According to the report, the password of the user’s email account usually stored as plain text in SQLite database and stays un-encrypted.
When asked by a user, an Android support person, Andy Stadler said that since the App supports older email protocols, it requires the password to be used every time a connection request with the email server takes place.
Stadler, in his response, clarified that Google Android takes security very seriously and has been implemented in Android at several levels and that this loophole won’t impact the way Gmail works on Android device.

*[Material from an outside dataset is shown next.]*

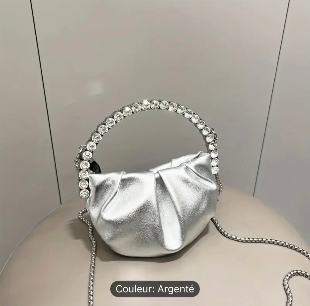 Élégant sac à main avec bandoulière ornée de cristaux. Disponible en or, rose et argenté. Parfait pour des soirées chic et des occasions spéciales, il ajoute une touche de glamour à toute tenue. Compact mais spacieux pour vos essentiels.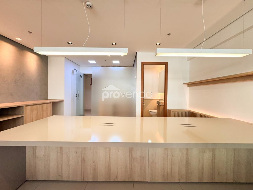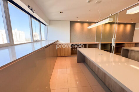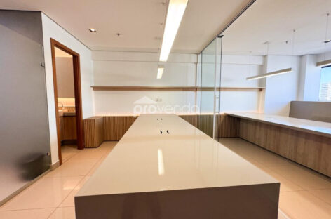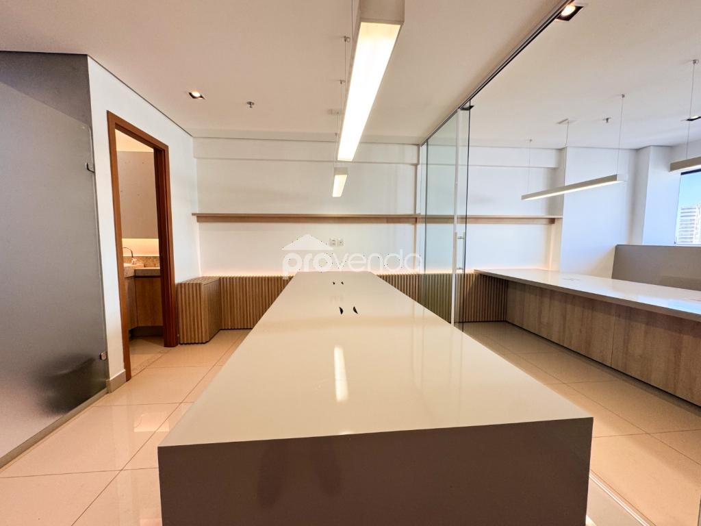 Com vista definitiva para o Parque Flamboyant, a sala proporciona um ambiente de trabalho moderno, inspirador e sofisticado.

However, it was not being clear now whether Google will roll out any update to secure that or users will have to create and use obscure passwords for their email accounts.
Most mid-range to high end Android devices available these days offer Microsoft Exchange Active Sync support. Apart from that, several users make do with the traditional POP3, IMAP and SMTP protocols for their email accounts on the Android device.
The core issue lies in the older email protocols that are dependent on the simpler form of password data requirement. In the modern times, nefarious hackers employ sophisticated methods to steal user login credentials that may be residing deep in some specific databases.
Security indeed has been implemented in Android OS but there is no method to check whether the apps from the third party markets are actually secure. In past, Android has been victim of malware loaded apps being spread through the third party app stores. Apparently these apps exploit several such loopholes that exist due to technologies that are not updated.